If $f_1$ and $f_2$ are convex functions then their pointwise maximum $f$, defined by
$$f(x)=\max \left{f_1(x), f_2(x)\right},$$
with $\operatorname{dom} f=\operatorname{dom} f_1 \cap \operatorname{dom} f_2$, is also convex. This property is easily verified: if $0 \leq \theta \leq 1$ and $x, y \in \operatorname{dom} f$, then
\begin{aligned} f(\theta x+(1-\theta) y) & =\max \left{f_1(\theta x+(1-\theta) y), f_2(\theta x+(1-\theta) y)\right} \ & \leq \max \left{\theta f_1(x)+(1-\theta) f_1(y), \theta f_2(x)+(1-\theta) f_2(y)\right} \ & \leq \theta \max \left{f_1(x), f_2(x)\right}+(1-\theta) \max \left{f_1(y), f_2(y)\right} \ & =\theta f(x)+(1-\theta) f(y) \end{aligned}
which establishes convexity of $f$. It is easily shown that if $f_1, \ldots, f_m$ are convex, then their pointwise maximum
$$f(x)=\max \left{f_1(x), \ldots, f_m(x)\right}$$
is also convex.

The pointwise maximum property extends to the pointwise supremum over an infinite set of convex functions. If for each $y \in \mathcal{A}, f(x, y)$ is convex in $x$, then the function $g$, defined as
$$g(x)=\sup {y \in \mathcal{A}} f(x, y)$$ is convex in $x$. Here the domain of $g$ is $$\operatorname{dom} g=\left{x \mid(x, y) \in \operatorname{dom} f \text { for all } y \in \mathcal{A}, \sup {y \in \mathcal{A}} f(x, y)<\infty\right} .$$
Similarly, the pointwise infimum of a set of concave functions is a concave function.
In terms of epigraphs, the pointwise supremum of functions corresponds to the intersection of epigraphs: with $f, g$, and $\mathcal{A}$ as defined in (3.7), we have
$$\text { epi } g=\bigcap_{y \in \mathcal{A}} \operatorname{epi} f(\cdot, y) \text {. }$$
Thus, the result follows from the fact that the intersection of a family of convex sets is convex.
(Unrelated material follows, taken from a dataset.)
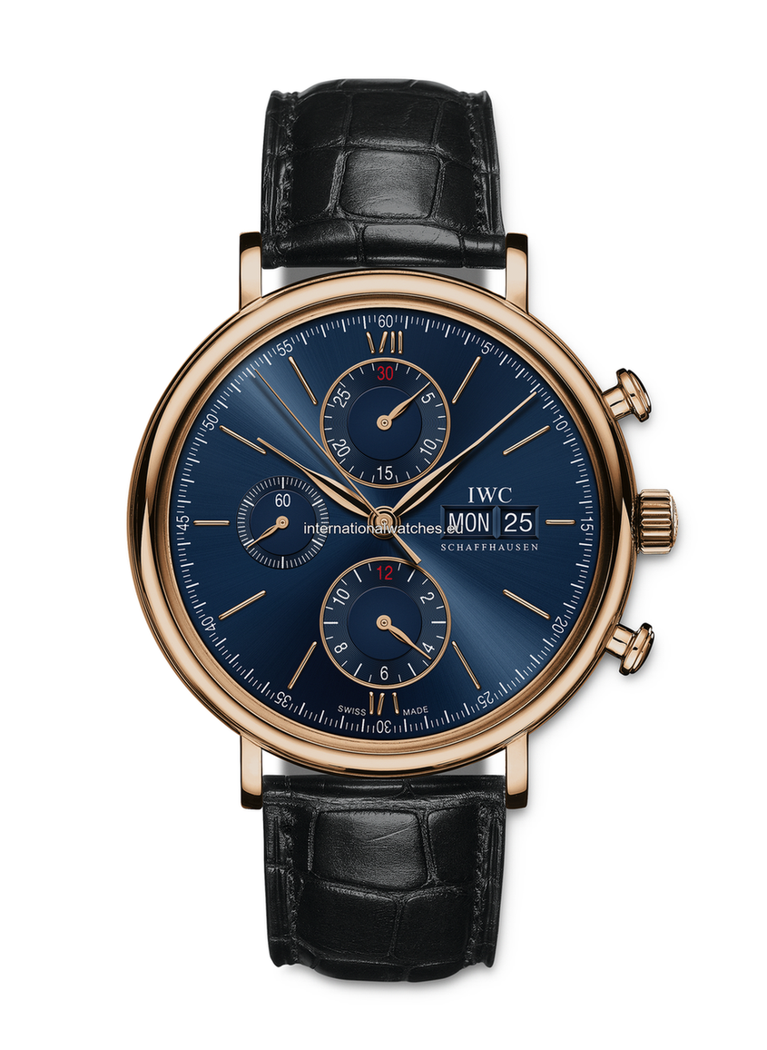 The Portofino family successfully combines the ease of the Mediterranean lifestyle with understated glamour and timeless elegance. Since 1988, chronographs have had their firm place in this family. The Portofino Chronograph handles single stop times and aggregate timing up to 12 hours, bringing a sporty touch to the collection. Now, for the first time, this popular model is offered with a case made of precious 18-carat 5N gold and a blue dial. The applied indices and Roman numerals are made from solid gold, the slender feuille hands are gold-plated. This watch is fitted with a hand-painted black alligator leather strap.

## 数学代写|凸优化作业代写Convex Optimization代考|Representation as pointwise supremum of affine functions

The examples above illustrate a good method for establishing convexity of a function: by expressing it as the pointwise supremum of a family of affine functions. Except for a technical condition, a converse holds: almost every convex function can be expressed as the pointwise supremum of a family of affine functions. For example, if $f: \mathbf{R}^n \rightarrow \mathbf{R}$ is convex, with $\operatorname{dom} f=\mathbf{R}^n$, then we have
$$f(x)=\sup {g(x) \mid g \text { affine, } g(z) \leq f(z) \text { for all } z} .$$
In other words, $f$ is the pointwise supremum of the set of all affine global underestimators of it. We give the proof of this result below, and leave the case where $\operatorname{dom} f \neq \mathbf{R}^n$ as an exercise (exercise $3.28$ ).
Suppose $f$ is convex with $\operatorname{dom} f=\mathbf{R}^n$. The inequality
$$f(x) \geq \sup {g(x) \mid g \text { affine, } g(z) \leq f(z) \text { for all } z}$$
is clear, since if $g$ is any affine underestimator of $f$, we have $g(x) \leq f(x)$. To establish equality, we will show that for each $x \in \mathbf{R}^n$, there is an affine function $g$, which is a global underestimator of $f$, and satisfies $g(x)=f(x)$.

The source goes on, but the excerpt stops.